And a sheath of steel over it.

“But the howling of dogs beside me,

And the wail of the old heroes,

And the weeping of the women by turns,

'Tis that vexes my heart.”

Oscar dies, after thanking the gods for his father's safety, and Oisīn and Keelta raise him on a bier of spears and carry him off under his banner, “The Terrible Sheaf,” for burial on the field where he died, and where a great green burial mound is still associated with his name. Finn takes no part in the battle. He is said to have come “in a ship” to view the field afterwards, and he wept over Oscar, a thing he had never done save once before, for his hound, Bran, whom he himself killed by accident. Possibly the reference to the ship is an indication that he had by this time passed away, and came to revisit the earth from the oversea kingdom of Death.
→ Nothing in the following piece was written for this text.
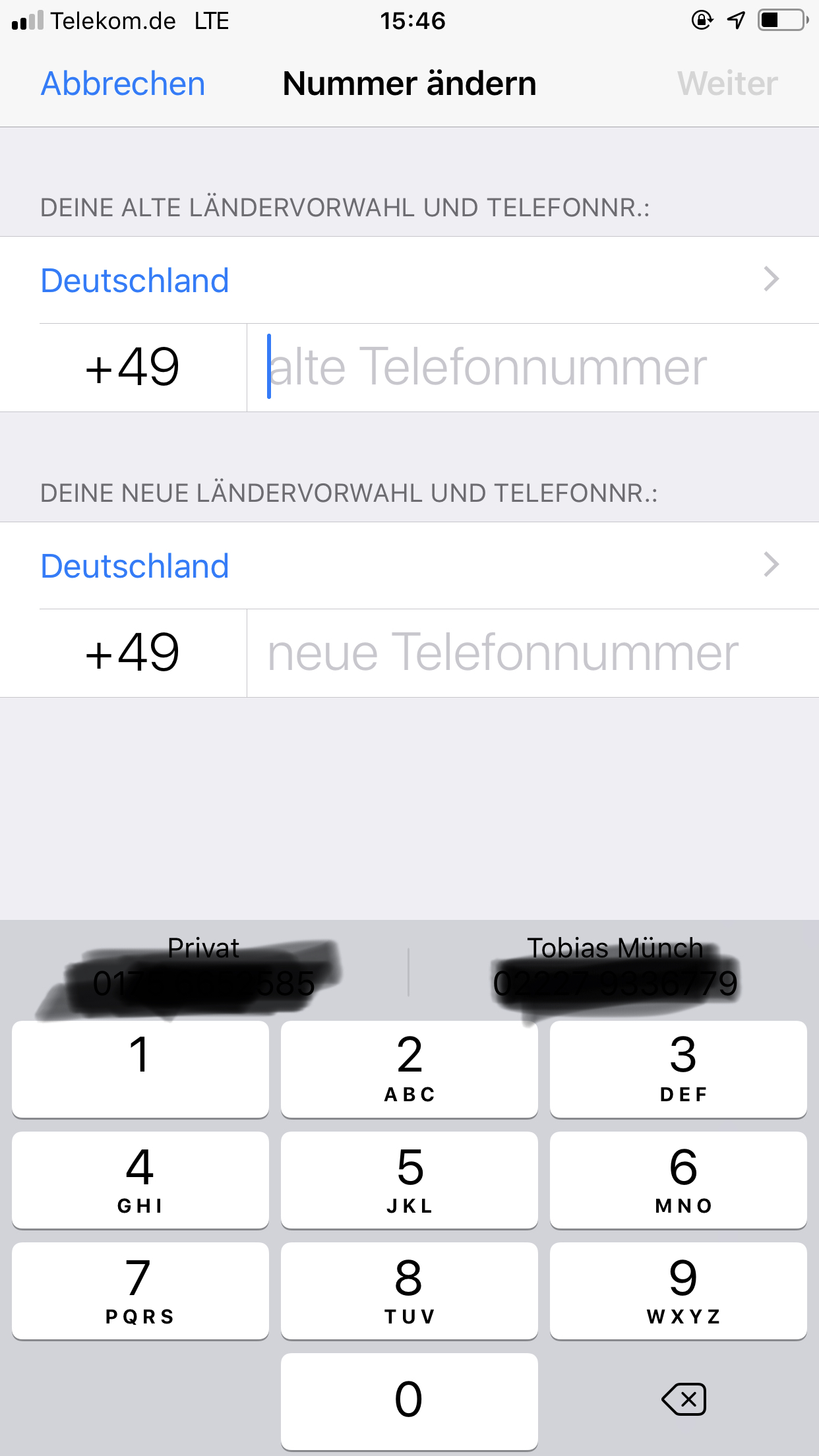 5) Wann trägt man eigentlich die neue Rufnummer bei der iCloud ein und kann man dann eine evtl. alte

There is in this tale of the Battle of Gowra a melancholy grandeur which gives it a place apart in the Ossianic literature. It is a fitting dirge for a great legendary epoch. Campbell tells us that the Scottish crofters and shepherds were wont to put off their bonnets when they recited it. He adds a strange and thrilling piece of modern folk-lore bearing on it. Two men, it is said, were out at night, probably sheep-stealing or on some other predatory occupation, and telling Fian tales as they went, when they observed two giant and shadowy figures talking to each other across the glen. One of the apparitions said to the other: “Do you see that man down below? I was the second door-post of battle on the day of Gowra, and that man there knows all about it better than myself.”

The End of Finn

As to Finn himself, it is strange that in all the extant mass of the Ossianic literature there should be no complete narrative of his death. There are references to it in the poetic legends, and annalists even date it, but the references conflict with each other, and so do the dates. There is no clear light to be obtained on the subject from either annalists or poets. Finn seems to have melted into the magic mist which enwraps so many of his deeds in life. Yet a popular tradition says that he and his great companions, Oscar and Keelta and Oisīn and the rest, never died, but lie, like Kaiser Barbarossa, spell-bound in an enchanted cave where they await the appointed time to reappear in glory and redeem their land from tyranny and wrong.